On Wall Street, the labor market report caused little movement on Friday. The S&P 500 lost almost -0.1% by the end of trading and the Dow Jones declined -0.2%. In contrast, the Nasdaq Composite gained +0.1%. Thus, the technology index has risen in five straight days for the first time this year. The focus now moves to the quarterly reporting season in the US. On Thursday, the major Wall Street banks JPMorgan Chase and Morgan Stanley kick off the Q2 earnings season, followed by Citigroup and Wells Fargo on Friday.
The US economy created +372’000 new jobs in June. This exceeded expectations, as on average analysts had expected an increase of +265’000 in non-farm payrolls. However, the two previous month's figures were revised downward by a total of 74’000. The unemployment rate remained at a low 3.6% in June. At the same time, wage growth slowed minimally last month. Average hourly wages increased by +0.3% month-on-month and by +5.1% year-on-year (previous month +5.3%). Overall, the labor market in the US remains solid, and the latest data are unlikely to change the direction of the Federal Reserve. Thus, a next interest rate step by the Fed is to be expected on July 27.
On the foreign exchange market, the euro remained under pressure on Friday. Against the greenback, the currency was at times quoted at USD 1.0075, the lowest rate since the end of 2002. The downward trend of the euro also continued against the Swiss franc, and a new record low of just under CHF 0.9870 was observed on Friday.
The European Central Bank (ECB) wants the commercial banks it supervises to arm themselves against the threat of billions in risks from climate change.
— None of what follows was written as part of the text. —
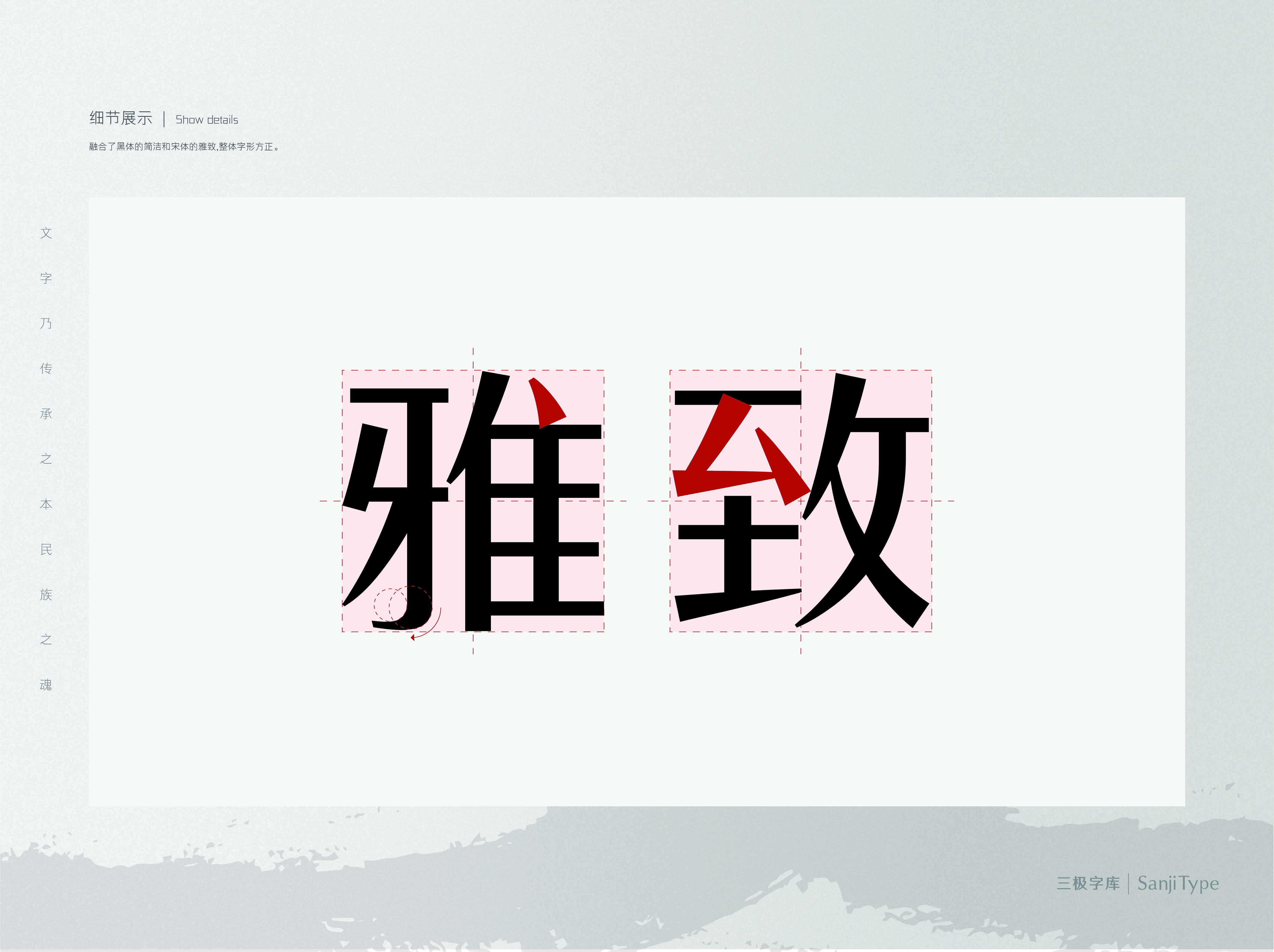 三极和悦宋黑融合了黑体的简洁和宋体的雅致,简约中带有细节变化。整体字形方正,笔划制作精良,刚柔相济,简洁有力。三极和悦宋黑拥有六款字重,可以适配正文和标题的排版使用。在书刊出版、产品包装、商业广告等多场合下,也能应用自如。

Efforts to measure and manage climate risk need to be stepped up, warned Andrea Enria, head of the ECB's banking supervision. Background is the first climate stress test devised by the ECB, in which banks had to disclose how well they are equipped to deal with financial and economic shocks from climate risks. While banks have made progress in taking climate risks into account since 2020, only about 20% allowed climate risks to be factored into their lending. The ECB's climate stress test has no direct impact on commercial banks' capital requirements.